[Directions]: Below is a listing; print exactly its lines from the one containing "Berikut adalah format" down to the one containing "Live Data (see", both inclusive, with every picture left out.

[Stored data]:
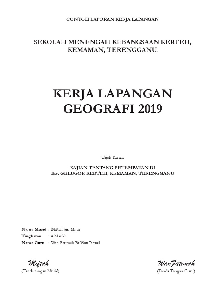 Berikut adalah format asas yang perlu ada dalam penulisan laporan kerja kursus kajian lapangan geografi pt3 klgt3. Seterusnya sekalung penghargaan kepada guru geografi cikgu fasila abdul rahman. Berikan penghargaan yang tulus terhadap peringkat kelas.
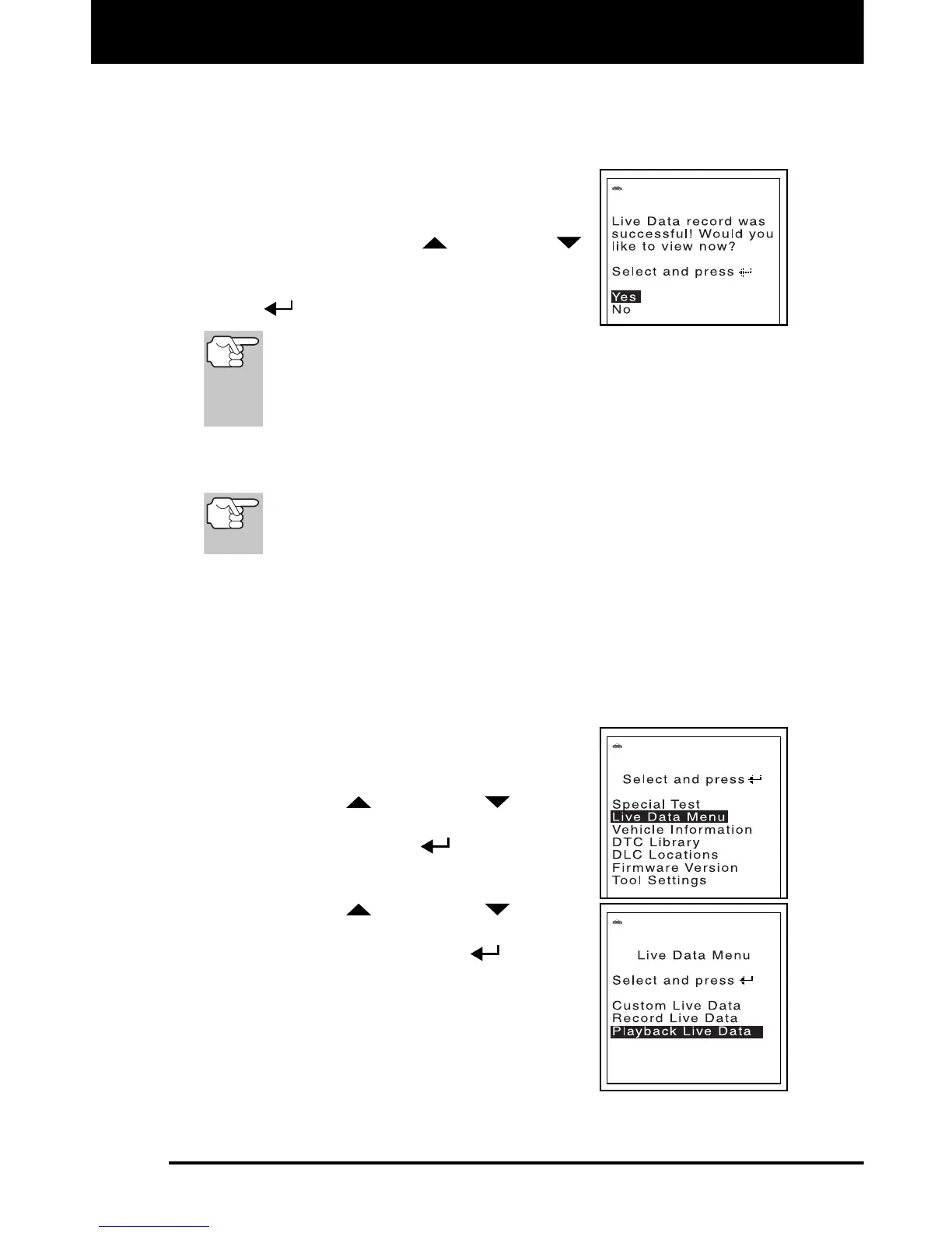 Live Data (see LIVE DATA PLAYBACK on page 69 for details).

==

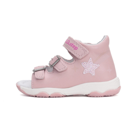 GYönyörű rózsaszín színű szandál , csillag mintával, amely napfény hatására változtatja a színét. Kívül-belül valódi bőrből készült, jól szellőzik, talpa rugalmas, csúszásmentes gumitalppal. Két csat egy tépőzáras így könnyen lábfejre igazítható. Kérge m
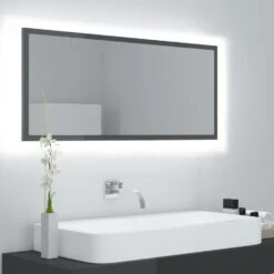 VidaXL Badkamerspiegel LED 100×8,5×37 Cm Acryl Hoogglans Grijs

[Written reply]:
 Berikut adalah format asas yang perlu ada dalam penulisan laporan kerja kursus kajian lapangan geografi pt3 klgt3. Seterusnya sekalung penghargaan kepada guru geografi cikgu fasila abdul rahman. Berikan penghargaan yang tulus terhadap peringkat kelas.
 Live Data (see LIVE DATA PLAYBACK on page 69 for details).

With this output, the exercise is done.